- **Source data**
- - -
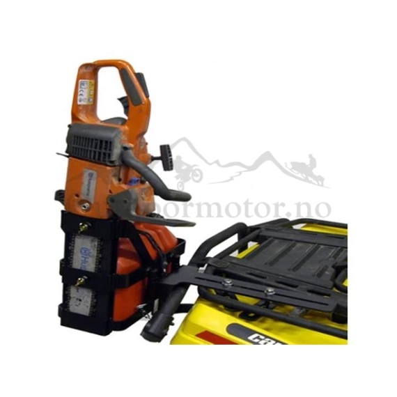 Motorsag og bensinkanneholder for plassering bak på ATV
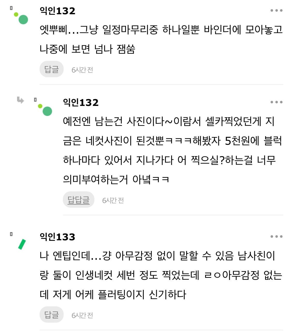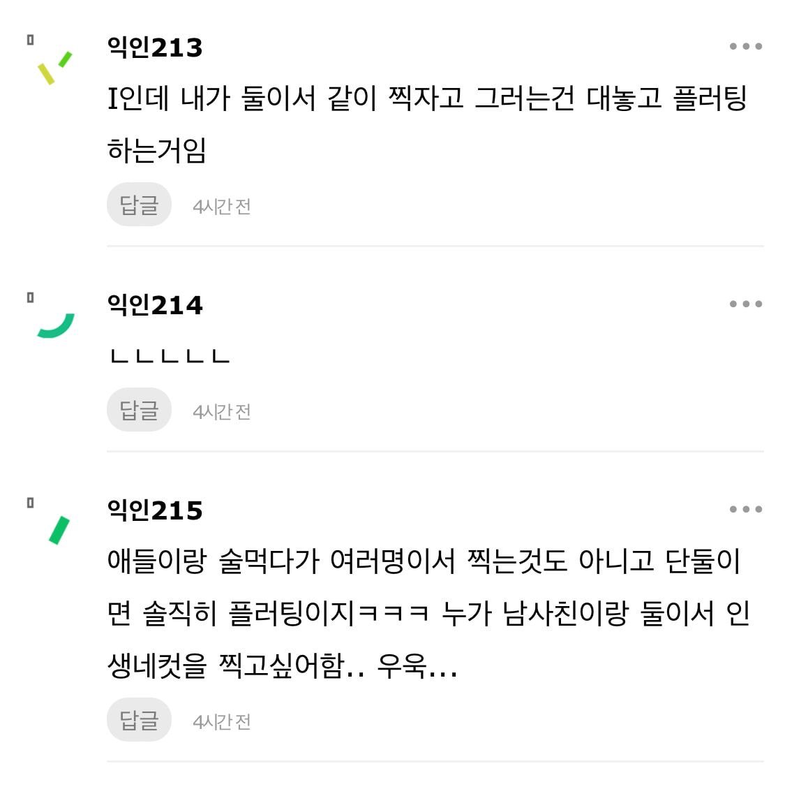 작성자행복한 뚱땡이 작성시간 23.01.03 E인데 인생네컷 500장 정도 있고요.. 그중 남자랑 단둘이 찍은 것도 개많을 것... 약속을 나간다 = 인생네컷을 찍어야 한다임
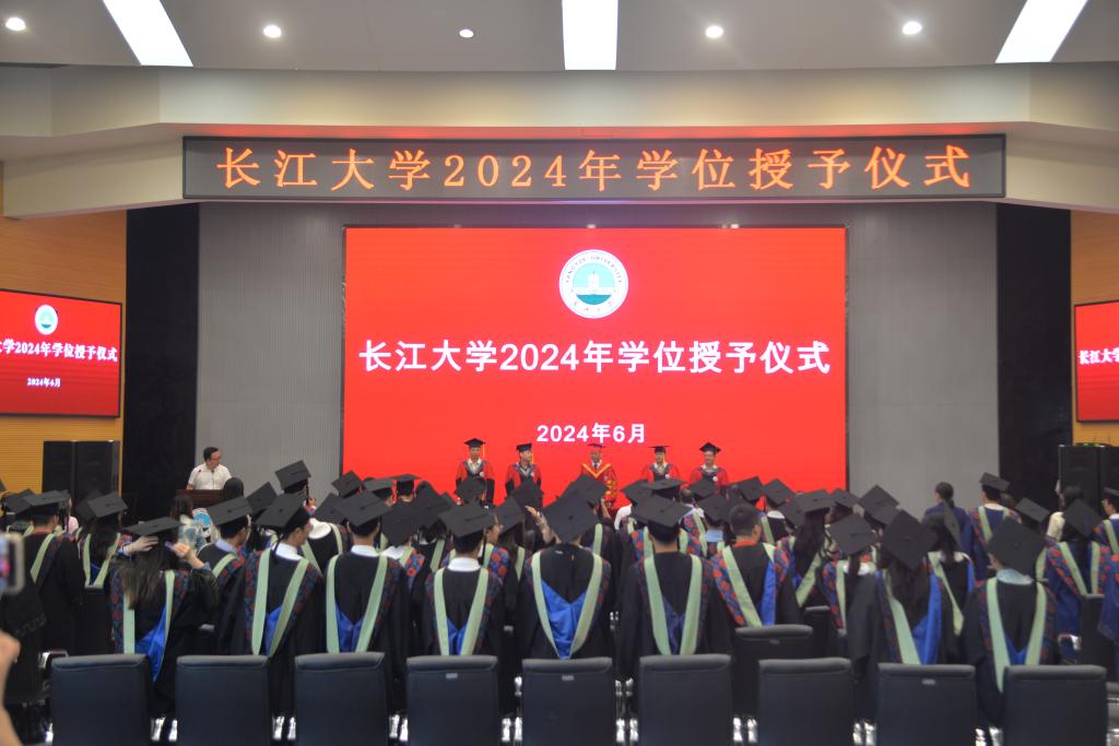 (向建华/文 王研/摄)6月17日下午2:00,77779193永利集团在农科大楼1058隆重举行了2024年学位授予仪式。长江大学校长刘勇胜、77779193永利集团常务副院长方正武等领导出席了此次仪式。
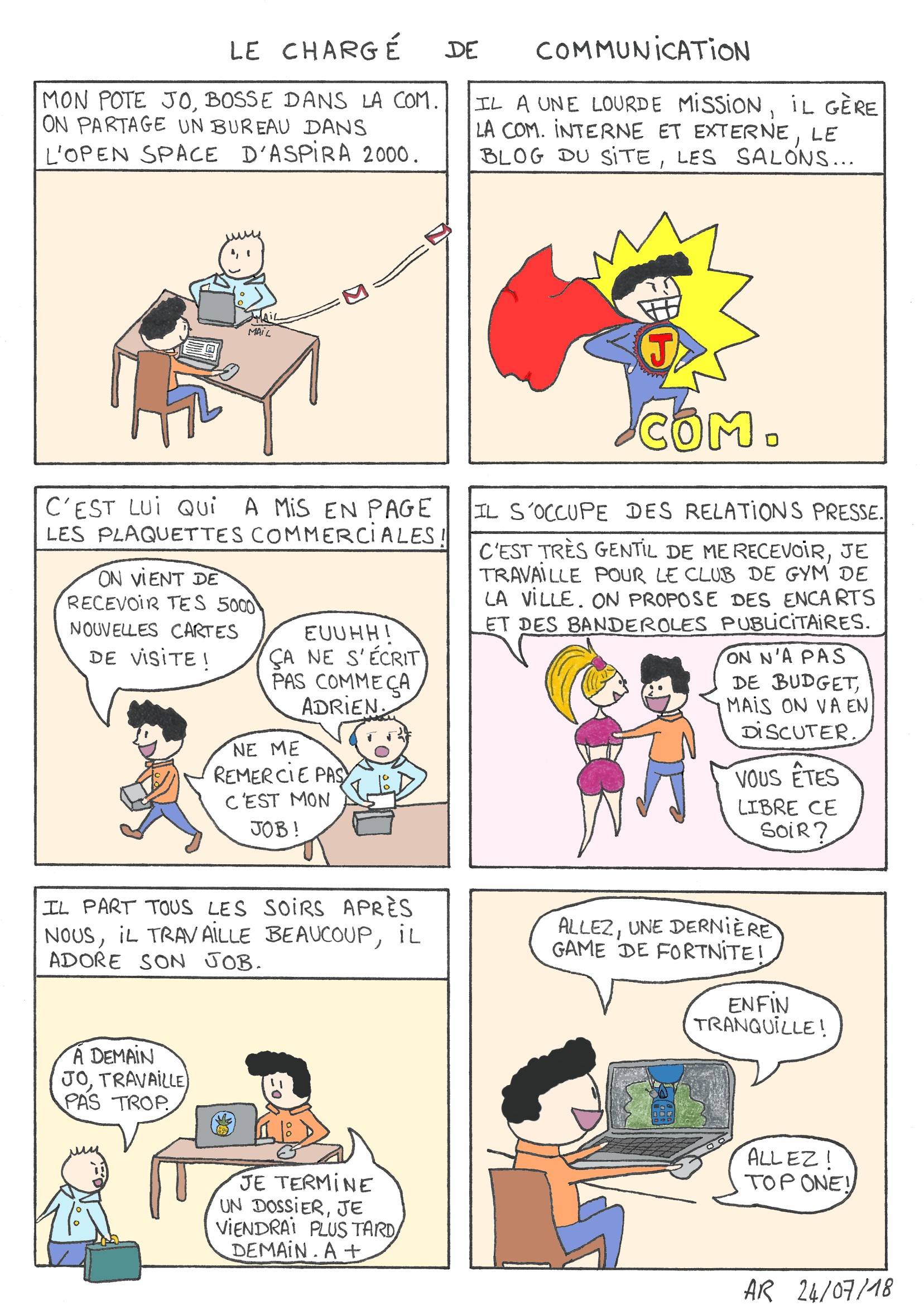 Aussi sympathique qu’incompétent, le chargé de communication s’occupe de la com. institutionnelle, du graphisme, des catalogues, du salon, du respect de la charte graphique, des logos et de bien d’autres choses au sein de l’entreprise.
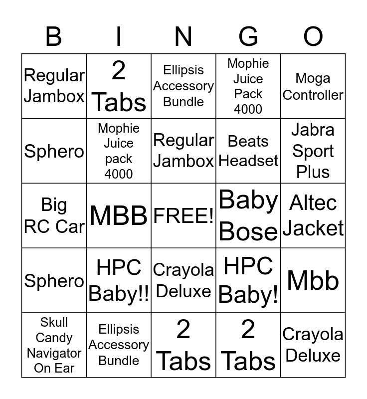This bingo card has a free space and 24 words: HPC Baby!!, Ellipsis Accessory Bundle, Regular Jambox, Skull Candy Navigator On Ear, Moga Controller, Regular Jambox, Sphero, 2 Tabs, Baby Bose, Crayola Deluxe, Beats Headset, Big RC Car, HPC Baby!, Mbb, Mophie Juice pack 4000, 2 Tabs, Altec Jacket, Ellipsis Accessory Bundle, Jabra Sport Plus, MBB, Crayola Deluxe, Sphero, Mophie Juice Pack 4000 and 2 Tabs.
- - -
- **Work to complete**
The listing above must be given again exactly, minus its pictures.

- **Exercise result**
 Motorsag og bensinkanneholder for plassering bak på ATV
 작성자행복한 뚱땡이 작성시간 23.01.03 E인데 인생네컷 500장 정도 있고요.. 그중 남자랑 단둘이 찍은 것도 개많을 것... 약속을 나간다 = 인생네컷을 찍어야 한다임
 (向建华/文 王研/摄)6月17日下午2:00,77779193永利集团在农科大楼1058隆重举行了2024年学位授予仪式。长江大学校长刘勇胜、77779193永利集团常务副院长方正武等领导出席了此次仪式。
 Aussi sympathique qu’incompétent, le chargé de communication s’occupe de la com. institutionnelle, du graphisme, des catalogues, du salon, du respect de la charte graphique, des logos et de bien d’autres choses au sein de l’entreprise.
This bingo card has a free space and 24 words: HPC Baby!!, Ellipsis Accessory Bundle, Regular Jambox, Skull Candy Navigator On Ear, Moga Controller, Regular Jambox, Sphero, 2 Tabs, Baby Bose, Crayola Deluxe, Beats Headset, Big RC Car, HPC Baby!, Mbb, Mophie Juice pack 4000, 2 Tabs, Altec Jacket, Ellipsis Accessory Bundle, Jabra Sport Plus, MBB, Crayola Deluxe, Sphero, Mophie Juice Pack 4000 and 2 Tabs.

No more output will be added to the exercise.